Chociaż najnowsze kwartalne dane dotyczące wzrostu gospodarczego wyniosły zaledwie 0,2 procent, eksport usług podtrzymywał te liczby. Na czele z sektorem uniwersyteckim, rosły one w tempie rocznym 5,6 procent.
Jednak ostatnie zmiany wprowadzone przez ministra edukacji Jasona Clare’a – ustalenie limitu naboru studentów zagranicznych na elitarne uniwersytety na poziomie z 2019 r. – ograniczą ten wzrost.

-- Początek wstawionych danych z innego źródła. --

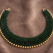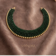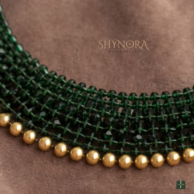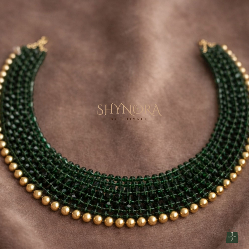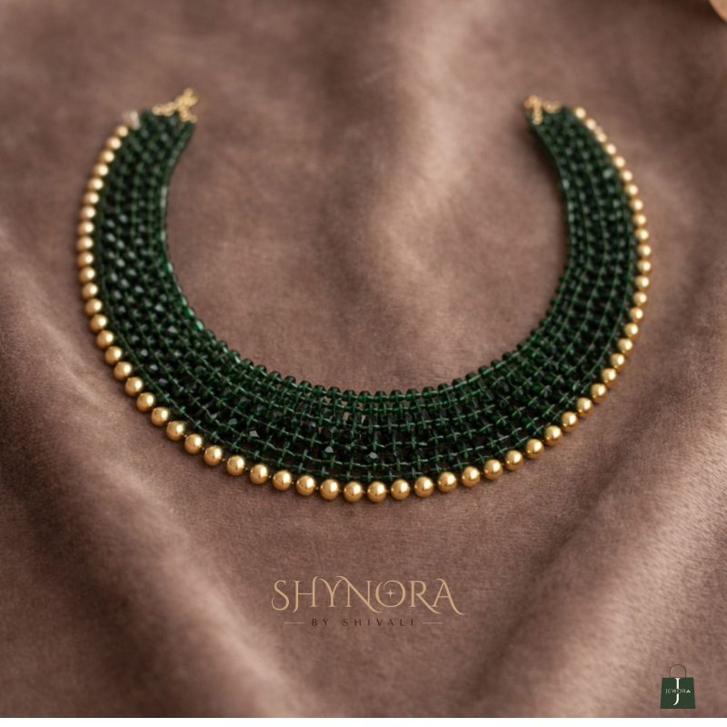 The Emerald Beaded Luxe Choker Necklace is a refined statement piece crafted with tightly handwoven deep emerald green beads, finished with a delicate line of gold-toned accents along the edge. Its sleek, collar-style silhouette sits gracefully on the neckline, offering a perfect balance of elegance and modern sophistication.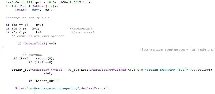 Программирование стратегии осуществляется в редакторе MetaEditor на языке MQL4. Разработана МТС – программа-советник, способная осуществлять торговые операции в реальном режиме времени. Фрагменты кода советника приведены на рис. 1 – открытие позиции и рис. 2 – закрытие позиции на покупку по сигналу индикатора. Торговля ведется 1 –м лотом, начальный депозит — $10000, без комиссий, остальные настройки терминала – стандартные.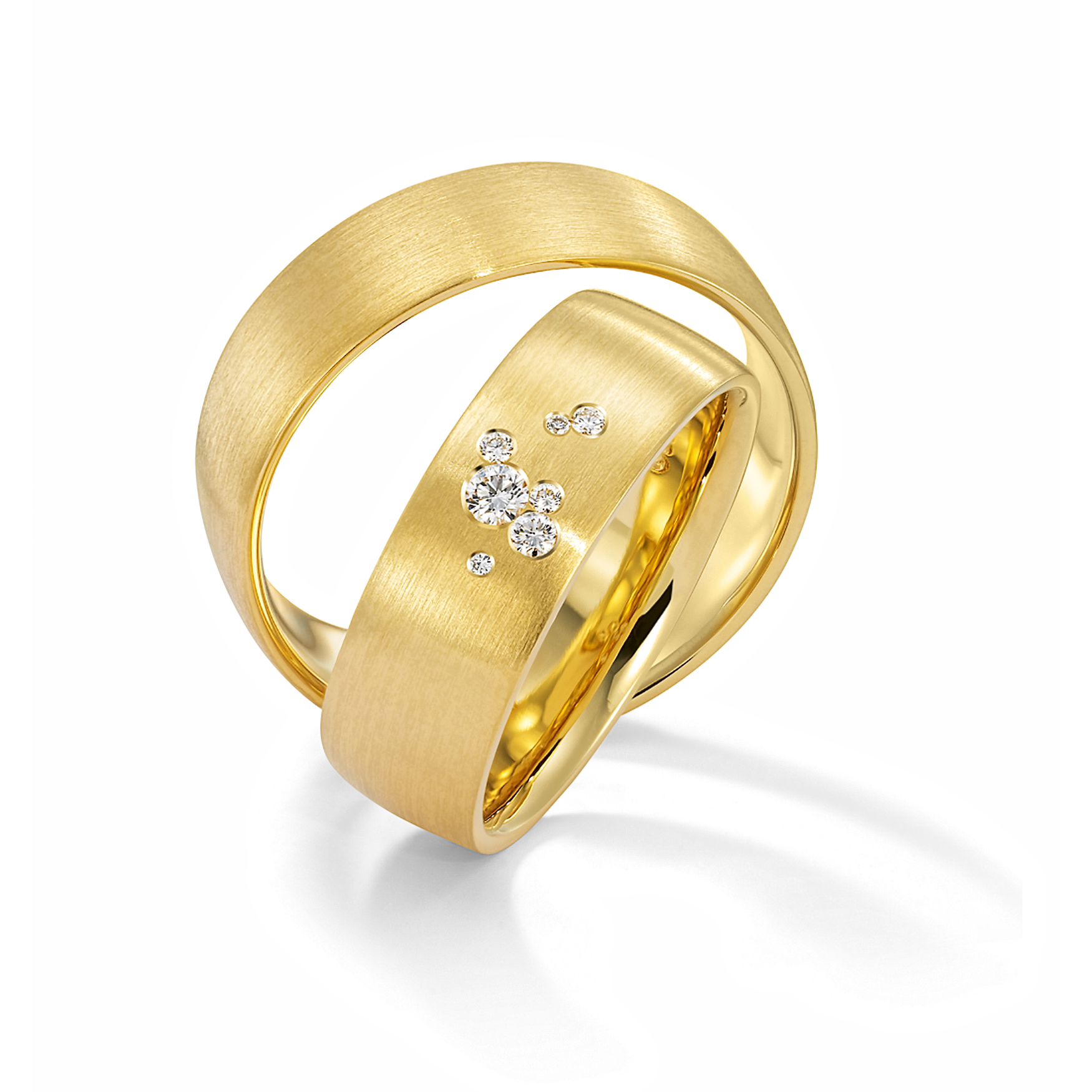 Goldschmiede Mojo Design Eheringe Gelbgold Brillanten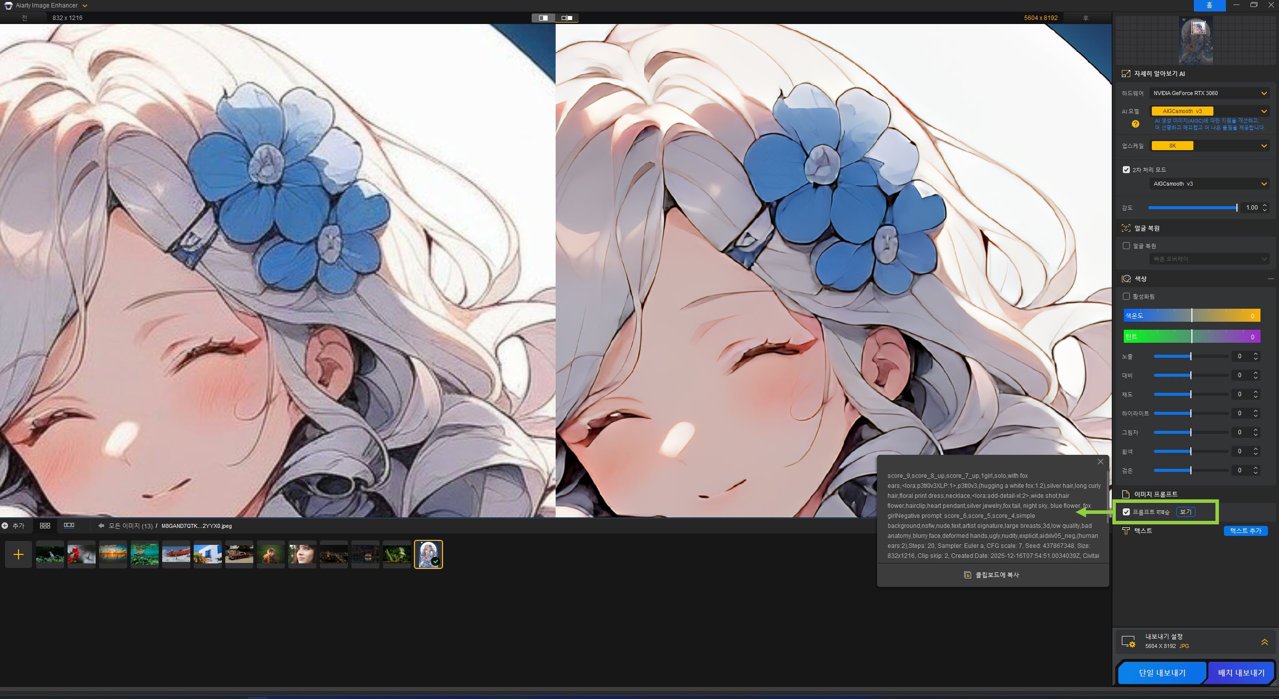 PNG 형식으로 내보낸 경우 Aiarty Image Enhancer나 다른 호환 도구로 다시 불러와 프롬프트 메타데이터를 볼 수 있습니다.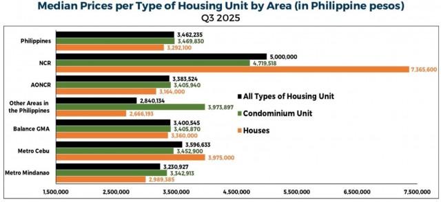 For Metro Mindanao, the median price of all housing units stood at P3,230,927 with condominium units amounting to P3,342,913 and houses at P2,989,385.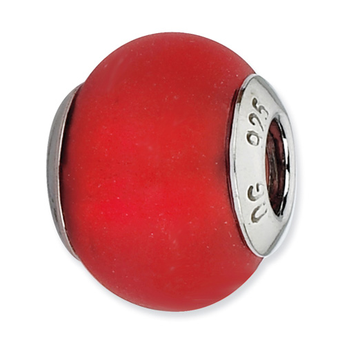 This round red matte Murano glass bead is made of antiqued sterling silver. Bead size: 12.7mm x 10mm. This Reflections bead fits all major modular bracelet brands. Made in Italy.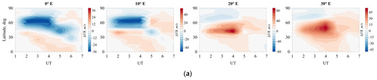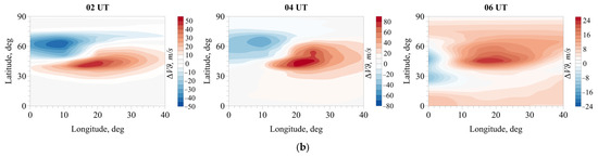 The wind variations exhibit a rather complex pattern. When analyzing the latitude–longitude structure of the wind at different time instants (see Figure 5b), a structured pattern forms over the perturbation region in the lower atmosphere at 02:00 UT and 04:00 UT. A detailed mechanism for the formation of this structure is described in [23]. By 06:00 UT, the wind structure appears to change, and only a positive effect is observed.

Równie ważne jest to, że nowa polityka podważa główny cel polityki Partii Pracy w zakresie szkolnictwa wyższego, jakim jest zwiększenie liczby Australijczyków z kwalifikacjami uniwersyteckimi. Polityka została ogłoszona z wielką pompą przed wyborami w 2022 r.
Przez lata zagraniczni studenci płacący pełne czesne wspierali niedofinansowane badania uniwersyteckie oraz rekrutację studentów krajowych.
Jednak ograniczenie liczby studentów zagranicznych płacących pełne czesne zmusi niektóre uniwersytety do zamknięcia całych wydziałów i ograniczenia liczby przyjmowanych studentów krajowych.
Dzieje się tak, ponieważ studenci ci stanowią koszt na osobę dla uniwersytetu. Studenci zagraniczni, którzy płacą czesne w całości, dofinansowują tę stratę.
Bez pieniędzy od zagranicznych studentów płacących pełne czesne cel Partii Pracy, jakim jest lepsze wykształcenie społeczeństwa, po prostu nie zostanie zrealizowany, chyba że rząd znacząco zwiększy finansowanie uniwersytetów, czego nie zrobi z uwagi na presję, jaka już ciąży na budżecie.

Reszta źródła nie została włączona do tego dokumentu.